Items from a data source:
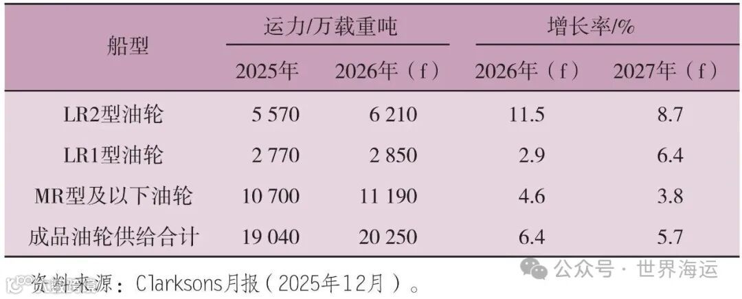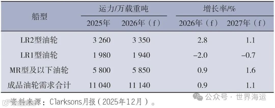 Clarksons预测:2026年成品油轮总需求1.114亿吨(+0.9%),总供给2.025亿吨(+6.4%),过剩9110万吨。LR2、LR1、MR以下船型分别过剩2860、910、5340万吨。
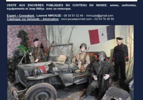 VENTE AUX ENCHERES PUBLIQUES DU CONTENU DU MUSEE: armes, uniformes, équipements et Jeep Willys avec sa remorque. Cliquez sur la photo ci-dessus pour voir l’intégralité.
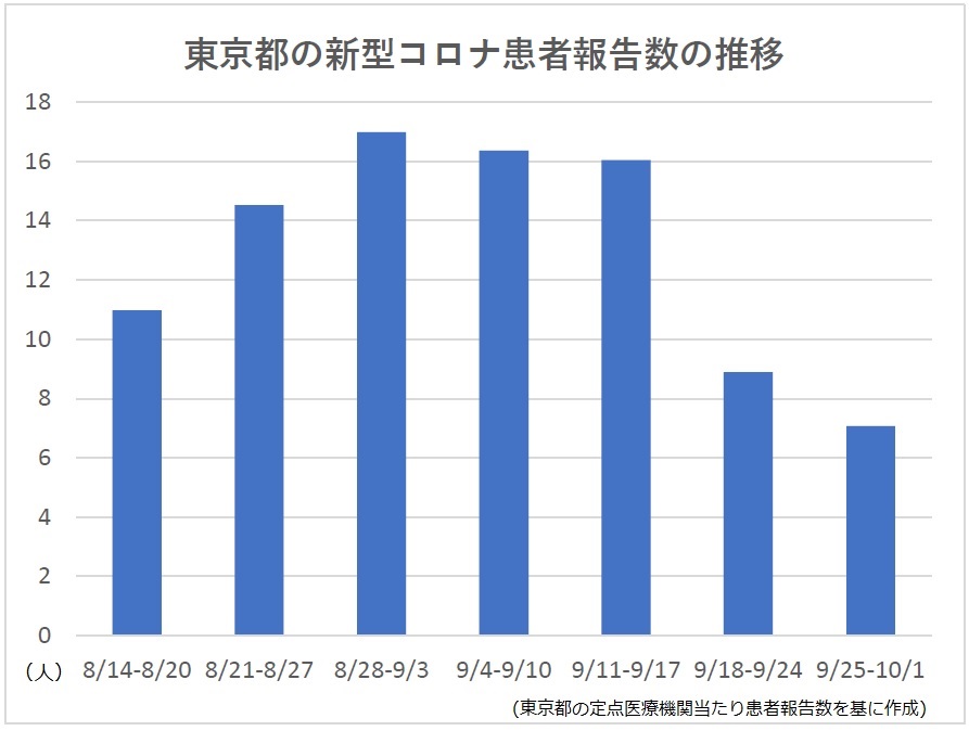 東京都のコロナ患者報告数が減少傾向
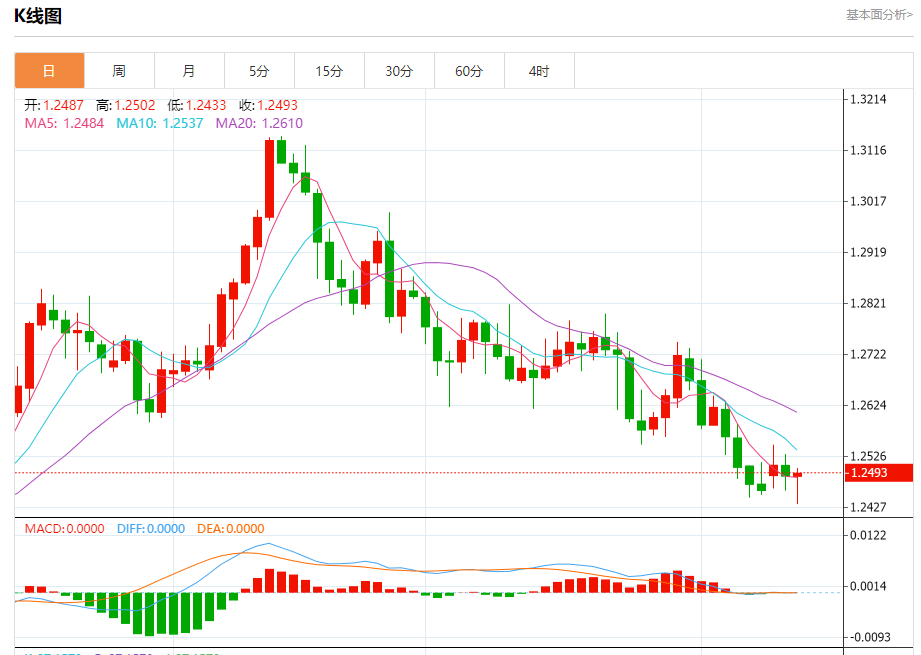 周三盘中,英镑/美元报1.2491,涨幅0.02%。
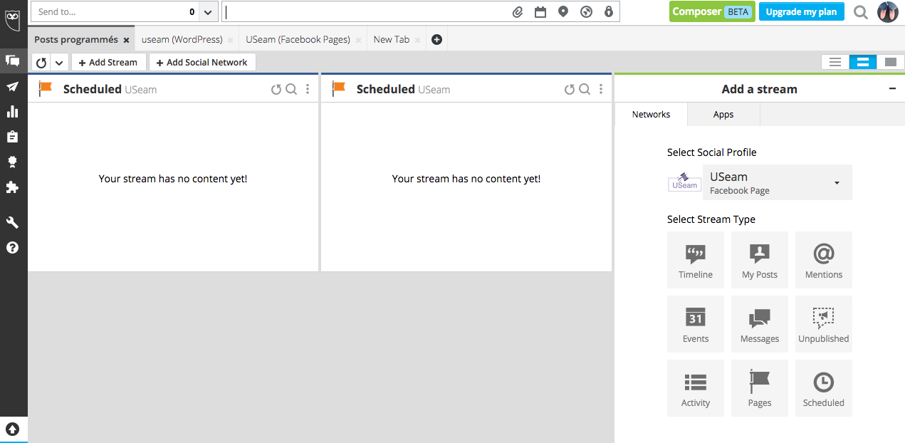 Un autre outil que j’utilise pour le community management est Hootsuite. Comme je n’obtenais pas ce que je voulais pour automatiser la publication des billets de mon blog WordPress sur mon page Facebook avec IFTTT, j’utilise Hootsuite. WordPress propose effectivement de programmer la publication des billets mais toutes les recettes que j’ai faites avec IFTTT ne donnaient pas le résultat que je voulais. En l’occurrence, il n’y avait pas une photo du billet or, un post Facebook sans photo, c’est un peu comme un cupcake sans glaçage… Hootsuite me permet donc de programmer des posts Facebook et Instagram pour annoncer la publication d’un nouveau billet sur mon blog, en ajoutant la photo que j’ai choisie de mettre en avant dans mon billet. J’écris les posts et c’est la publication que je programme, le jour et heure que je souhaite.
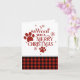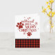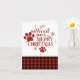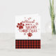 Huella de perro adorable y la frase "te queremos un Feliz Navidad" con un poco de cuadros rojos y negros.
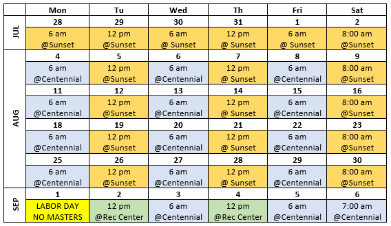 This year will be a little different. Weekday morning masters will be moving inside to Centennial at the start of August. Noon-time masters won’t be moving back to the Rec Center until after Labor Day. Saturday morning masters will switch back to 7 am to 8 am at Centennial after Labor Day. Here’s the summary:
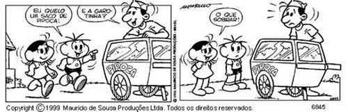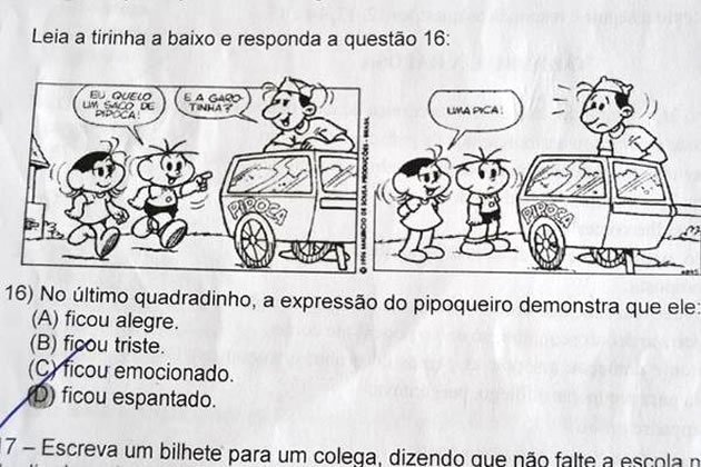 Na tirinha utilizada no teste, Magali e Cebolinha vão até um carrinho de vendas para comprar pipoca. Ao ser questionado sobre o que irá pedir, o personagem de cabelos espetados pede um saco da guloseima. Já a colega dele, conhecida por seu apetite insaciável, deveria pedir “o que sobrar” que estaria à venda, como no desenho original. No entanto, na figura reproduzida na prova, ela pede “uma pica”, em referência ao órgão sexual masculino.
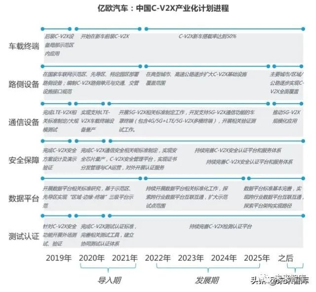 因此,即便政府在4年前就已开始基础设施的建设改造,但根据中国智能网联汽 车产业创新联盟(CAICV)、IMT-2020(5G)推进组C-V2X工作组、中国智能 交通产业联盟(C-ITS)、中国智慧交通管理产业联盟(CTMA)联合发布的 《C-V2X产业化路径和时间表研究》白皮书,2020年仍被认为是C-V2X产业化 的“导入期”,此后在经历4年的“发展期”后,才能进入“高速发展期”。
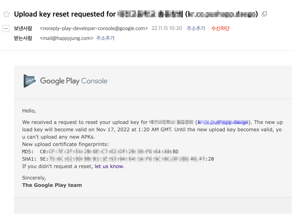 새 업로드 키가 유효해질 때까지 새 APK를 업로드할 수 없습니다.
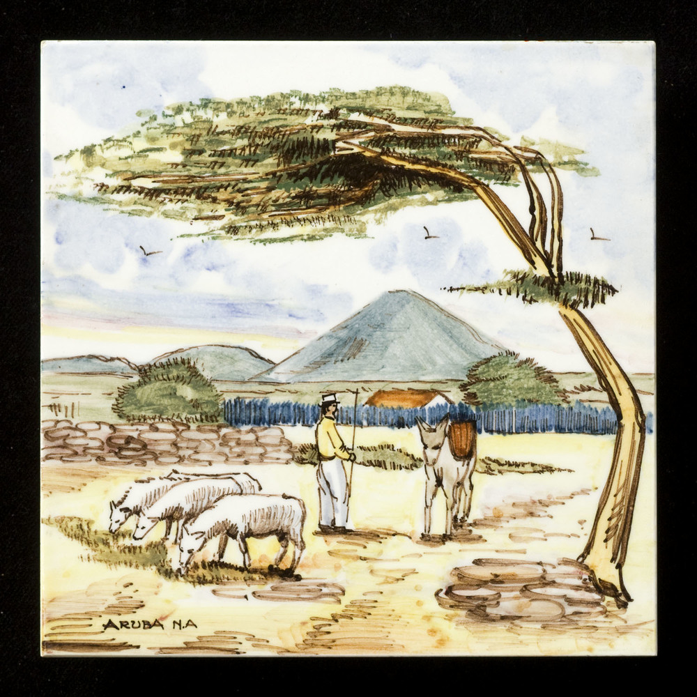 Tegel van keramiek in onderglazuur, voorstellende: l...

Aim of the task: Every line from the first line of the entries above through the line with "새 업로드 키가 유효해질 때까지 새 APK를 업로드할 수 없습니다." must be repeated exactly, and pictures must not be.

Written response:
 Clarksons预测:2026年成品油轮总需求1.114亿吨(+0.9%),总供给2.025亿吨(+6.4%),过剩9110万吨。LR2、LR1、MR以下船型分别过剩2860、910、5340万吨。
 VENTE AUX ENCHERES PUBLIQUES DU CONTENU DU MUSEE: armes, uniformes, équipements et Jeep Willys avec sa remorque. Cliquez sur la photo ci-dessus pour voir l’intégralité.
 東京都のコロナ患者報告数が減少傾向
 周三盘中,英镑/美元报1.2491,涨幅0.02%。
 Un autre outil que j’utilise pour le community management est Hootsuite. Comme je n’obtenais pas ce que je voulais pour automatiser la publication des billets de mon blog WordPress sur mon page Facebook avec IFTTT, j’utilise Hootsuite. WordPress propose effectivement de programmer la publication des billets mais toutes les recettes que j’ai faites avec IFTTT ne donnaient pas le résultat que je voulais. En l’occurrence, il n’y avait pas une photo du billet or, un post Facebook sans photo, c’est un peu comme un cupcake sans glaçage… Hootsuite me permet donc de programmer des posts Facebook et Instagram pour annoncer la publication d’un nouveau billet sur mon blog, en ajoutant la photo que j’ai choisie de mettre en avant dans mon billet. J’écris les posts et c’est la publication que je programme, le jour et heure que je souhaite.
 Huella de perro adorable y la frase "te queremos un Feliz Navidad" con un poco de cuadros rojos y negros.
 This year will be a little different. Weekday morning masters will be moving inside to Centennial at the start of August. Noon-time masters won’t be moving back to the Rec Center until after Labor Day. Saturday morning masters will switch back to 7 am to 8 am at Centennial after Labor Day. Here’s the summary:
 Na tirinha utilizada no teste, Magali e Cebolinha vão até um carrinho de vendas para comprar pipoca. Ao ser questionado sobre o que irá pedir, o personagem de cabelos espetados pede um saco da guloseima. Já a colega dele, conhecida por seu apetite insaciável, deveria pedir “o que sobrar” que estaria à venda, como no desenho original. No entanto, na figura reproduzida na prova, ela pede “uma pica”, em referência ao órgão sexual masculino.
 因此,即便政府在4年前就已开始基础设施的建设改造,但根据中国智能网联汽 车产业创新联盟(CAICV)、IMT-2020(5G)推进组C-V2X工作组、中国智能 交通产业联盟(C-ITS)、中国智慧交通管理产业联盟(CTMA)联合发布的 《C-V2X产业化路径和时间表研究》白皮书,2020年仍被认为是C-V2X产业化 的“导入期”,此后在经历4年的“发展期”后,才能进入“高速发展期”。
 새 업로드 키가 유효해질 때까지 새 APK를 업로드할 수 없습니다.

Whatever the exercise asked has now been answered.